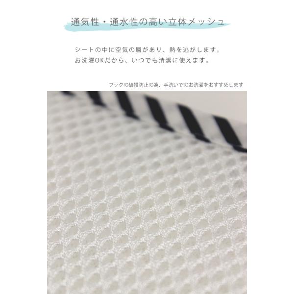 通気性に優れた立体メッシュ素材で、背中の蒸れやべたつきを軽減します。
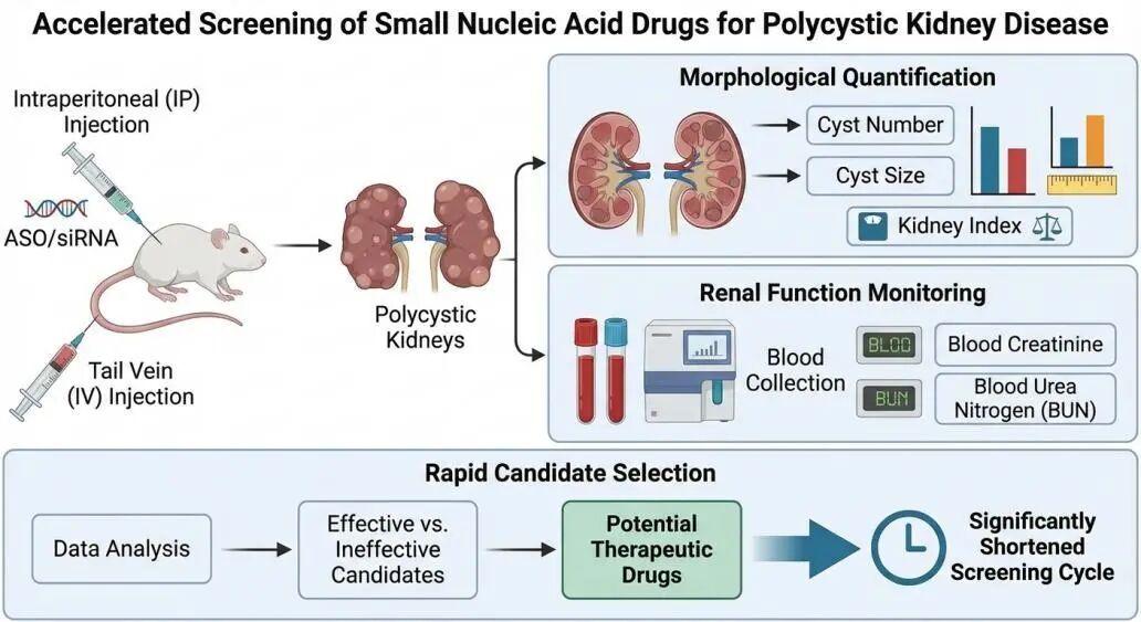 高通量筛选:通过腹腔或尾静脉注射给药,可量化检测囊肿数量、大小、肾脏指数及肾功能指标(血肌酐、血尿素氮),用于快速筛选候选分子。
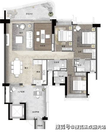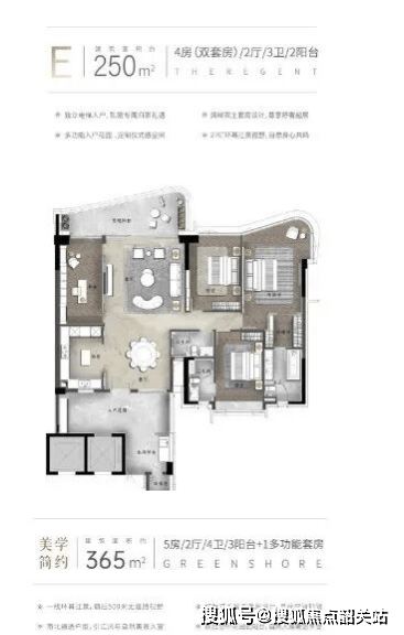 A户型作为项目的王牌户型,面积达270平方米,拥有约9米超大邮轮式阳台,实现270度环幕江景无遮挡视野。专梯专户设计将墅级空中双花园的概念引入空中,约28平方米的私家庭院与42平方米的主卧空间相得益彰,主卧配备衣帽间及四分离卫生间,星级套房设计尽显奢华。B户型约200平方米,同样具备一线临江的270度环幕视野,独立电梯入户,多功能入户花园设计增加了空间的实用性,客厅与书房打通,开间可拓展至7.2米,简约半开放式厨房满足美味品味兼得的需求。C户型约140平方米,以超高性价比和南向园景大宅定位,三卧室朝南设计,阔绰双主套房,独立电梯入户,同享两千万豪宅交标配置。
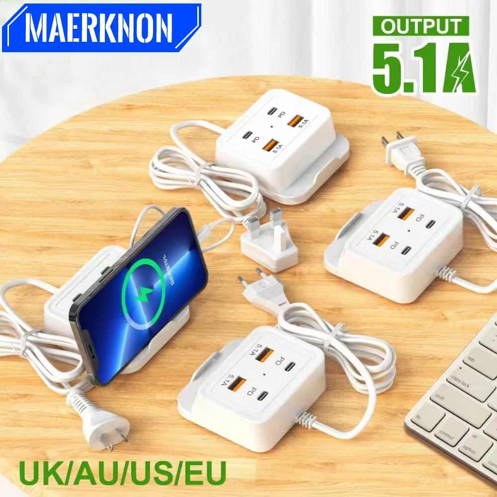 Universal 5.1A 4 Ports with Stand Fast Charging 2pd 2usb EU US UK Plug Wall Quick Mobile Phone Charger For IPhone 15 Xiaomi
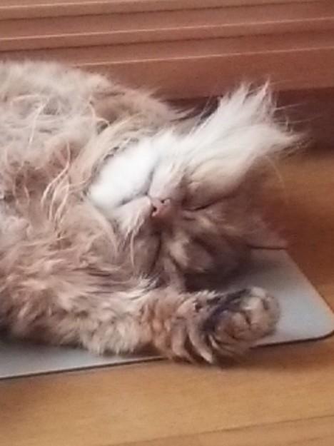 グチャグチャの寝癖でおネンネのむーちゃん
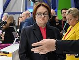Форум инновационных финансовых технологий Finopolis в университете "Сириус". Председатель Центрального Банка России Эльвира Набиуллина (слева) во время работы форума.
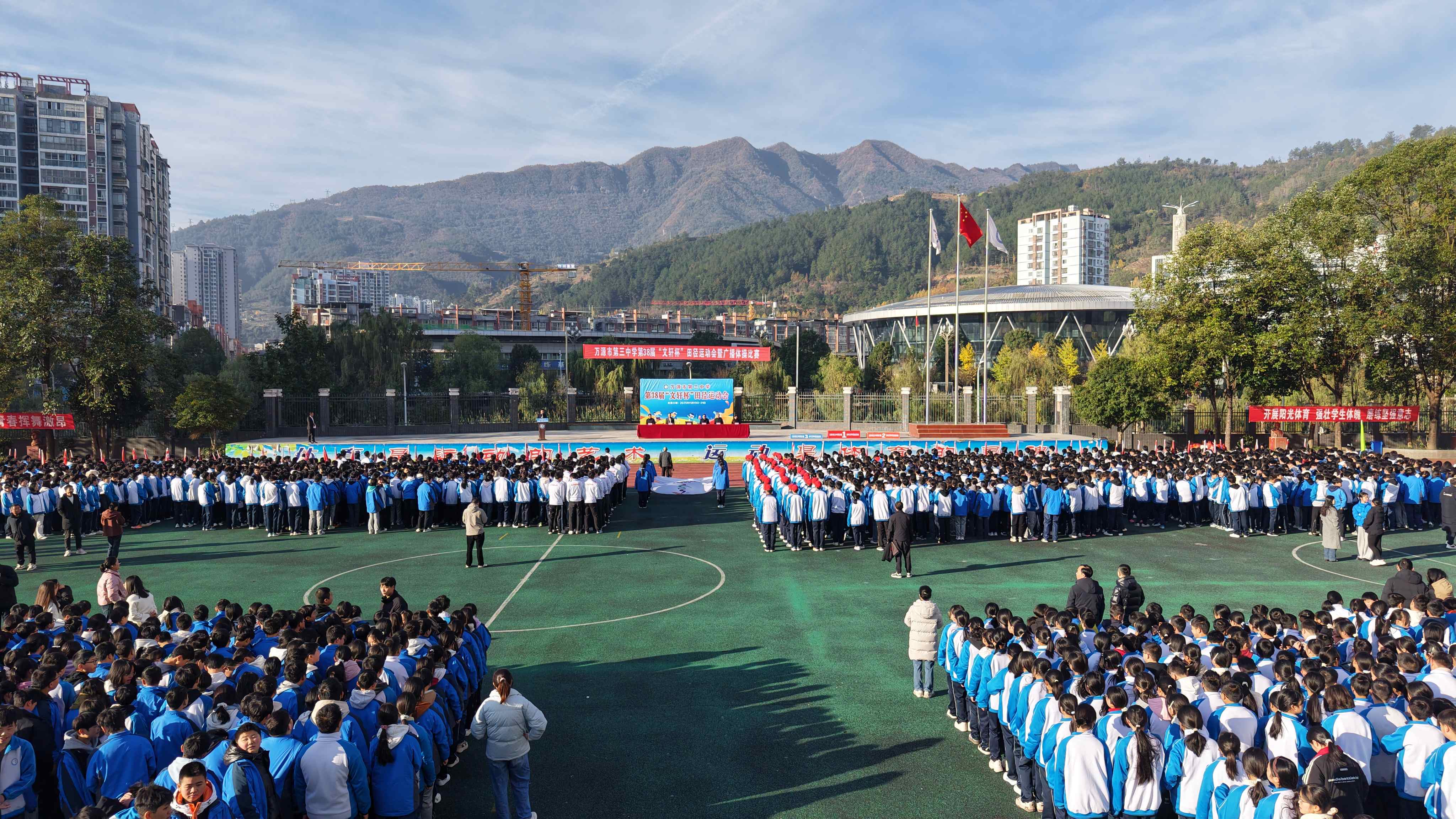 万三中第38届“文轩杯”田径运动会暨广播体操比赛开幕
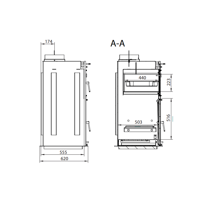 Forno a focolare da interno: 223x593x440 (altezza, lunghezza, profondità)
-------
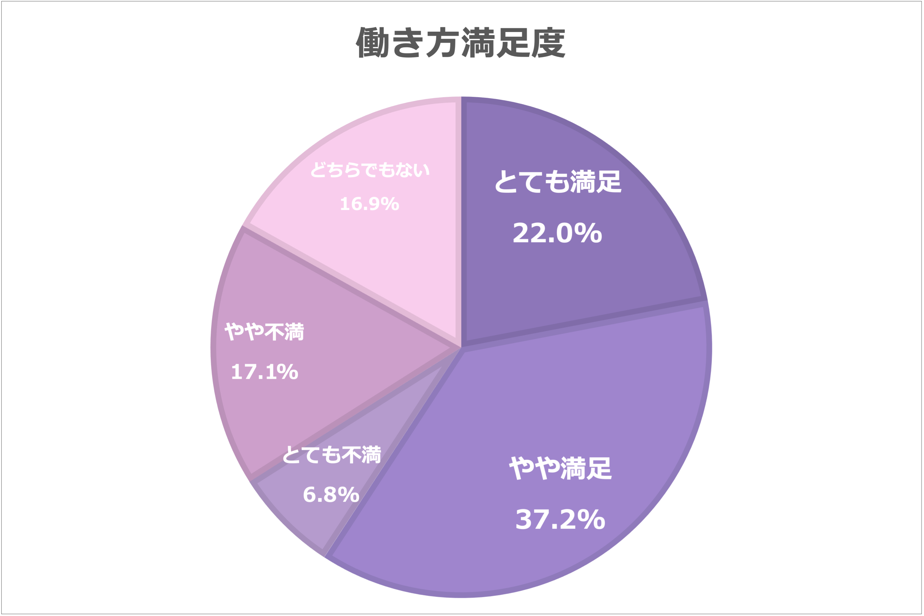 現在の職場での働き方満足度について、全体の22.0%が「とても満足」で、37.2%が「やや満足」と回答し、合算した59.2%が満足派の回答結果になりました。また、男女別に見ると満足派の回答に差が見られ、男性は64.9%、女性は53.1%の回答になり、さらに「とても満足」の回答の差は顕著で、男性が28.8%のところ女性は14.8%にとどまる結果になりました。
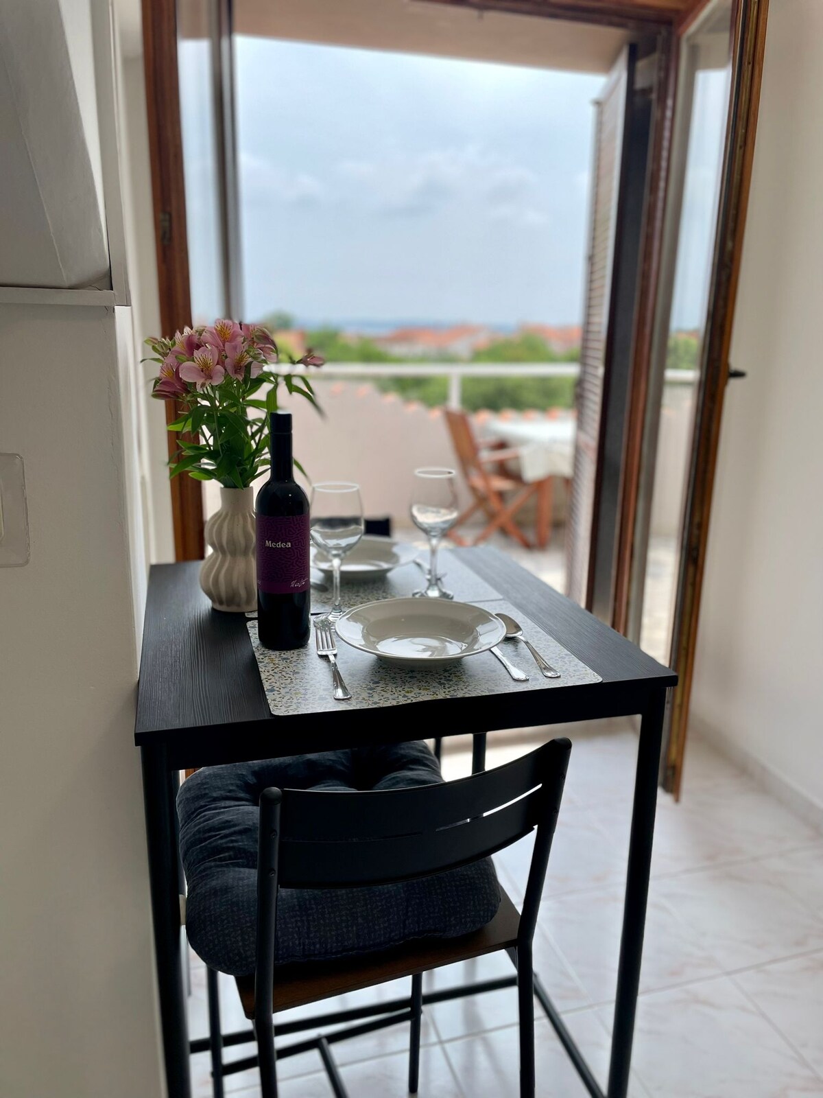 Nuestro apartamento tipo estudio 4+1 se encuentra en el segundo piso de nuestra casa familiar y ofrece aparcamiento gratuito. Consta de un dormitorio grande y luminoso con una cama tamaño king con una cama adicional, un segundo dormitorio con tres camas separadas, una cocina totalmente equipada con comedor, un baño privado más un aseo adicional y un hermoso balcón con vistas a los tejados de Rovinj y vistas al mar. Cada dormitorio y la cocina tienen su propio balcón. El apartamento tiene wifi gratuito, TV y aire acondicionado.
-------
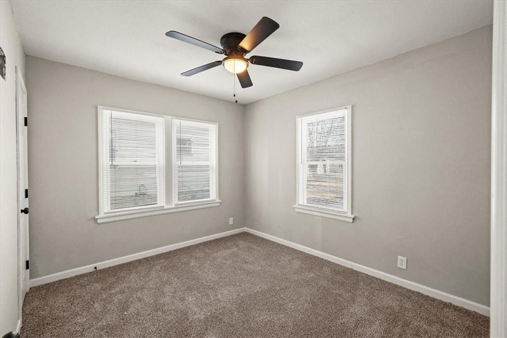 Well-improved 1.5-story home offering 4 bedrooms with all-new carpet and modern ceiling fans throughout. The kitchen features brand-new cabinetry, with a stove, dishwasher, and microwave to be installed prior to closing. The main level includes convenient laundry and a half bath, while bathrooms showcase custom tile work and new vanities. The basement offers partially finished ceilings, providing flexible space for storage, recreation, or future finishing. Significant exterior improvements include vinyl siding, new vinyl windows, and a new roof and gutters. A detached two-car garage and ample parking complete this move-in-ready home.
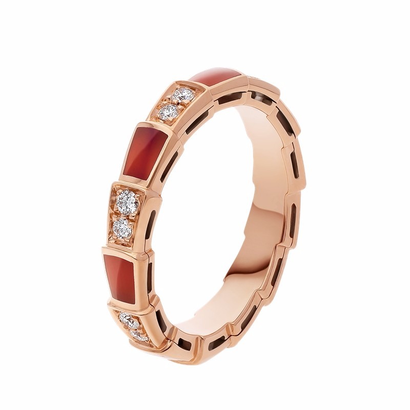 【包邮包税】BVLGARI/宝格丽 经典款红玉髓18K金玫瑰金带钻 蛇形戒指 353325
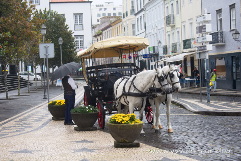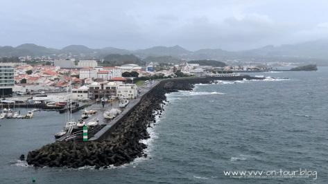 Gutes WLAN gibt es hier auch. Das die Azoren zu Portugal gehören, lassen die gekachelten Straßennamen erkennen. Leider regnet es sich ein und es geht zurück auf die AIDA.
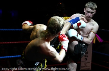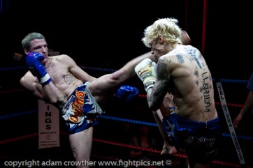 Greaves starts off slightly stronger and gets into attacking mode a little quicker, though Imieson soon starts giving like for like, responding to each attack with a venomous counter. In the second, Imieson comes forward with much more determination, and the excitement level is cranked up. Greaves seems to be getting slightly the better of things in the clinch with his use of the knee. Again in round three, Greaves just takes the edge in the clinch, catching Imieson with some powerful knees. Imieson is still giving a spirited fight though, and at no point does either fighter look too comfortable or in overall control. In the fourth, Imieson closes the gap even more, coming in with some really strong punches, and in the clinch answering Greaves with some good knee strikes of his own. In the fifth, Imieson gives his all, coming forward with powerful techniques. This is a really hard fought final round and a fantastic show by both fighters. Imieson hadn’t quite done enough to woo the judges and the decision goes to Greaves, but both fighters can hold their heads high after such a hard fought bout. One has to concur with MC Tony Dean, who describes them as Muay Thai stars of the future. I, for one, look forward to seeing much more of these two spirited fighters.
-------
Starting at the line above that holds "经典款红玉髓18K金玫瑰金带钻 蛇形戒指 353325", return each line up to and including the one that holds "Gutes WLAN gibt", exactly as written, minus any pictures.

 【包邮包税】BVLGARI/宝格丽 经典款红玉髓18K金玫瑰金带钻 蛇形戒指 353325
 Gutes WLAN gibt es hier auch. Das die Azoren zu Portugal gehören, lassen die gekachelten Straßennamen erkennen. Leider regnet es sich ein und es geht zurück auf die AIDA.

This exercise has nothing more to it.